Journals don’t mind, in part, because many of them are open-access anyway. There’s an organization, SCOAP3, that runs what is in some sense a large-scale version of what UC was trying to set up: instead of paying for subscriptions, university libraries pay SCOAP3 and it covers the journals’ publication costs.

This means that there are two coexisting open-access systems, the journals themselves and arXiv. But in practice, arXiv is the one we actually use.

If I want to show a student a paper, I don’t send them to the library or the journal website, I tell them how to find it on arXiv. If I’m giving a talk, there usually isn’t room for a journal reference, so I’ll give the arXiv number instead. In a paper, we do give references to journals…but they’re most useful when they have arXiv links as well. I think the only times I’ve actually read an article in a journal were for articles so old that arXiv didn’t exist when they were published.

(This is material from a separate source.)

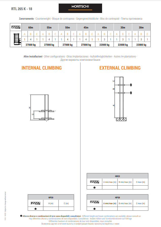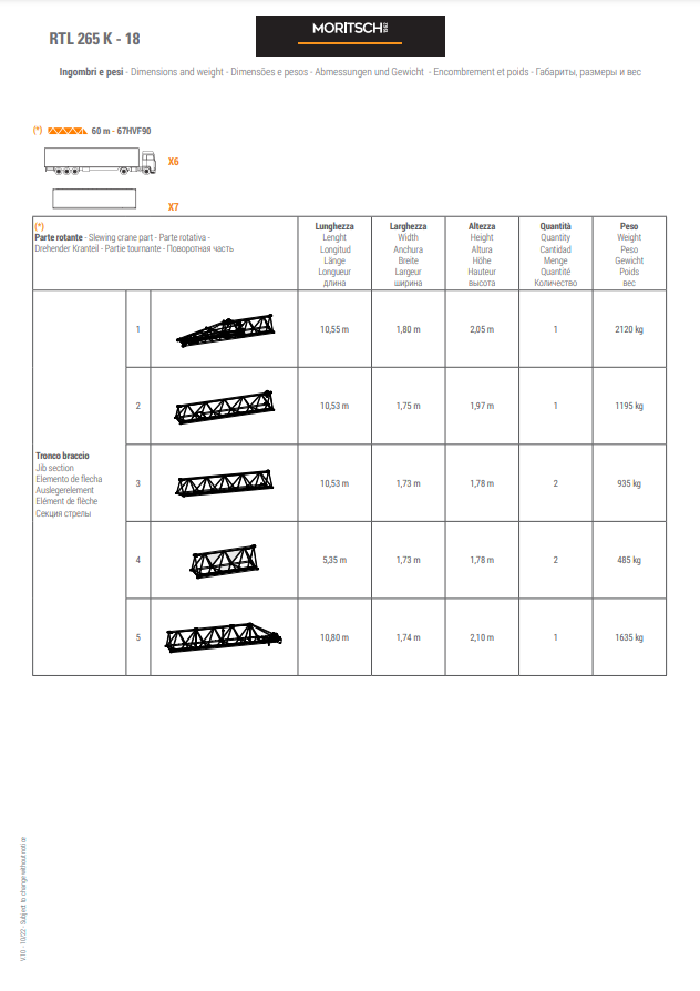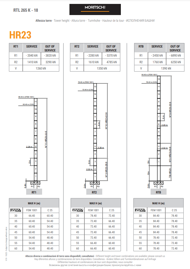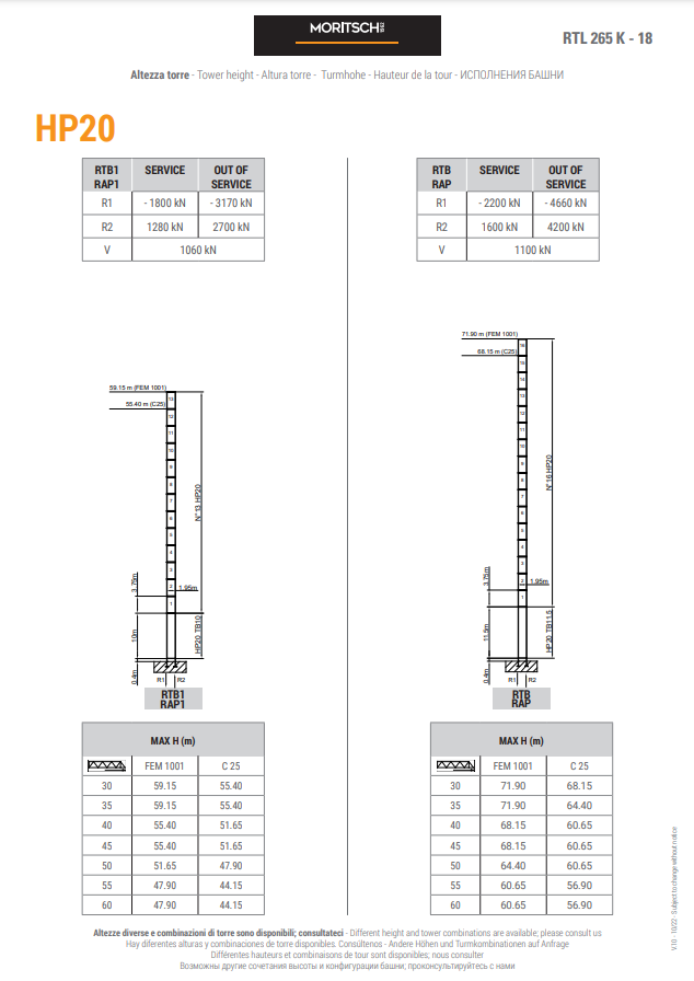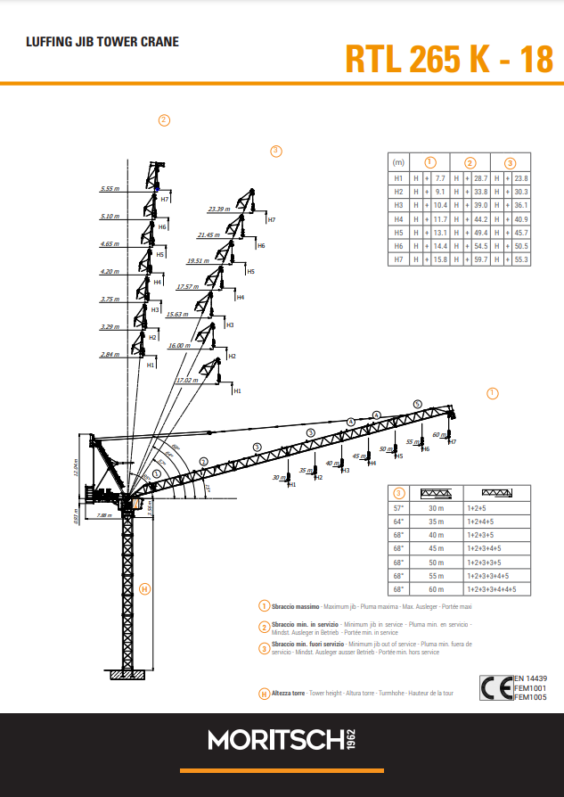 - LUFFING JIB TOWER CRANE RTL265K MAXIMUM CAPACITY 18.000KG - 60M LENGTH & 64,40M HEIGHT

We still submit our papers to journals, though. Peer review still matters, we still want to determine whether our results are cool enough for the fancy journals or only good enough for the ordinary ones. We still put journal citations on our CVs so employers and grant agencies know not only what we’ve done, but which reviewers liked it.

But the actual copy-editing and formatting and publishing, that the journals still employ people to do? Mostly, it never gets read.

In my experience, that editing isn’t too impressive. Often, it’s about changing things to fit the journal’s preferences: its layout, its conventions, its inconvenient proprietary document formats. I haven’t seen them try to fix grammar, or improve phrasing. Maybe my papers have unusually good grammar, maybe they do more for other papers. And maybe they used to do more, when journals had a more central role. But now, they don’t change much.

Sometimes the journal version ends up on arXiv, if the authors put it there. Sometimes it doesn’t. And sometimes the result is in between. For my last paper about Calabi-Yau manifolds in Feynman diagrams, we got several helpful comments from the reviewers, but the journal also weighed in to get us to remove our more whimsical language, down to the word “bestiary”. For the final arXiv version, we updated for the reviewer comments, but kept the whimsical words. In practice, that version is the one people in our field will read.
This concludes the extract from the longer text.